BRIEF
In the data below, restate exactly the lines from the one with "国家行政学院教授王伟:我们国" to the final line, both included, but not the pictures.

SOURCE MATERIAL
-- -- --

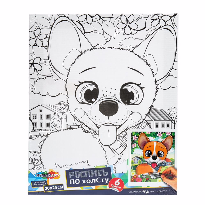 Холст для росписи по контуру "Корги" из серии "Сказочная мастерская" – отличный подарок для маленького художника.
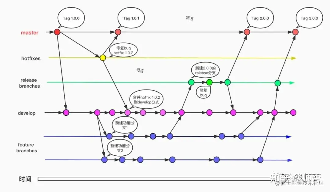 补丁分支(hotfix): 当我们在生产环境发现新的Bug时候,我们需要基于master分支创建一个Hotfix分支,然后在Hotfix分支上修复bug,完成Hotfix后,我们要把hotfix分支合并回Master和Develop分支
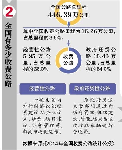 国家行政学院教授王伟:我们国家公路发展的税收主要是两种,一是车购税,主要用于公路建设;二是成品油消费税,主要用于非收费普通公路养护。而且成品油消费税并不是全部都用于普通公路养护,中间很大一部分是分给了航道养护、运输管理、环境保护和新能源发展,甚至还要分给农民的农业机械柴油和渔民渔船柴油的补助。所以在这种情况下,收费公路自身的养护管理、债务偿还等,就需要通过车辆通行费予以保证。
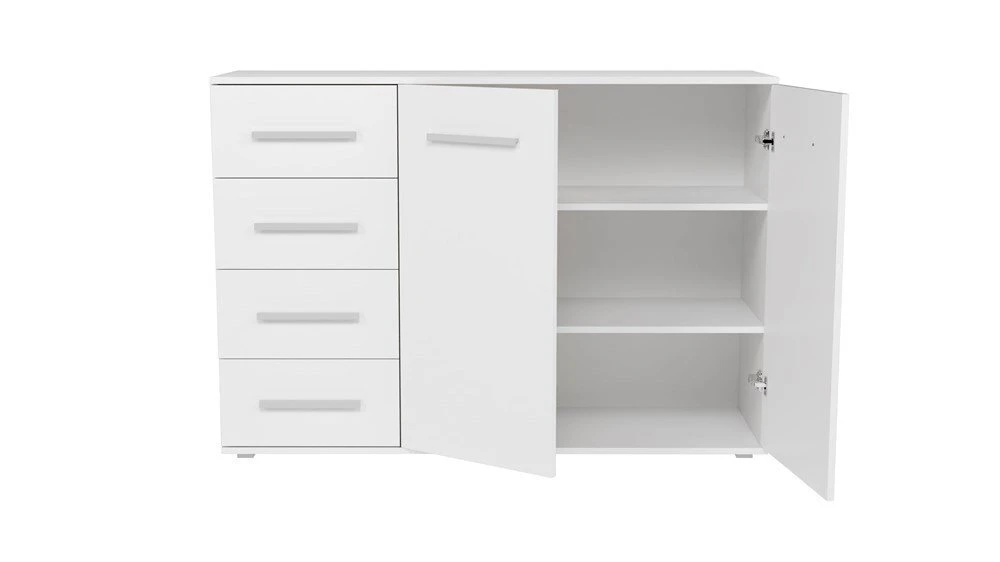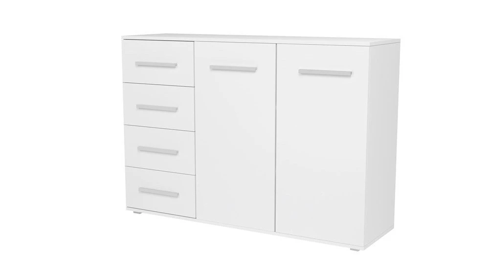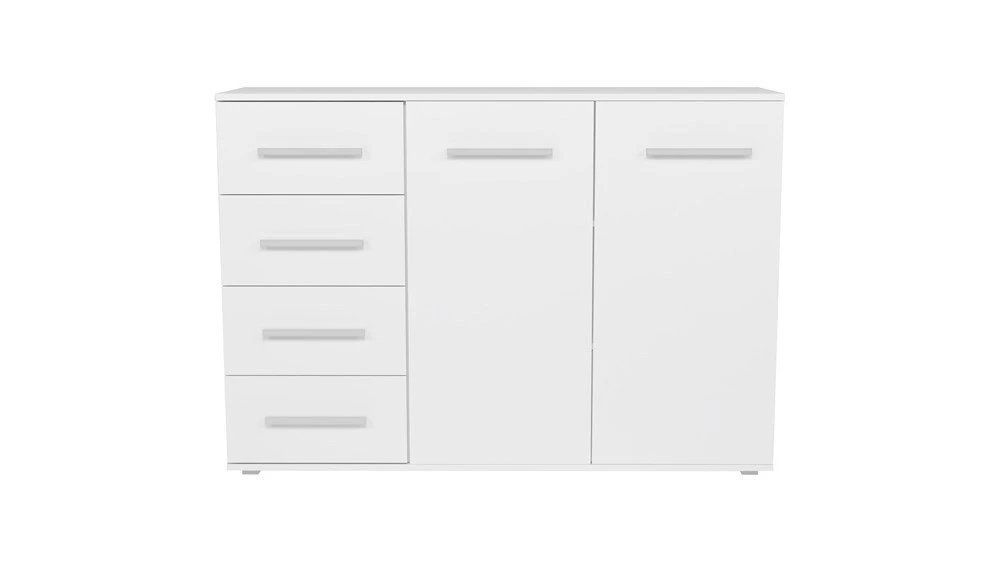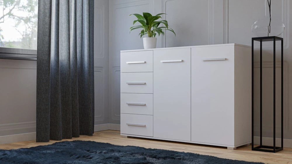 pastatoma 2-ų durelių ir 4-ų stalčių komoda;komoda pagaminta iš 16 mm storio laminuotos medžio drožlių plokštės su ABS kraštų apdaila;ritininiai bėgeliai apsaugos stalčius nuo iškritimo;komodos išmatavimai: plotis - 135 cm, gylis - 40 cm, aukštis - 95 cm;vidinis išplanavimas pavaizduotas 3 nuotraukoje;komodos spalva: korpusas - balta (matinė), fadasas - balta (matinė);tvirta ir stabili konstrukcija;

-- -- --

THE ANSWER
 国家行政学院教授王伟:我们国家公路发展的税收主要是两种,一是车购税,主要用于公路建设;二是成品油消费税,主要用于非收费普通公路养护。而且成品油消费税并不是全部都用于普通公路养护,中间很大一部分是分给了航道养护、运输管理、环境保护和新能源发展,甚至还要分给农民的农业机械柴油和渔民渔船柴油的补助。所以在这种情况下,收费公路自身的养护管理、债务偿还等,就需要通过车辆通行费予以保证。
 pastatoma 2-ų durelių ir 4-ų stalčių komoda;komoda pagaminta iš 16 mm storio laminuotos medžio drožlių plokštės su ABS kraštų apdaila;ritininiai bėgeliai apsaugos stalčius nuo iškritimo;komodos išmatavimai: plotis - 135 cm, gylis - 40 cm, aukštis - 95 cm;vidinis išplanavimas pavaizduotas 3 nuotraukoje;komodos spalva: korpusas - balta (matinė), fadasas - balta (matinė);tvirta ir stabili konstrukcija;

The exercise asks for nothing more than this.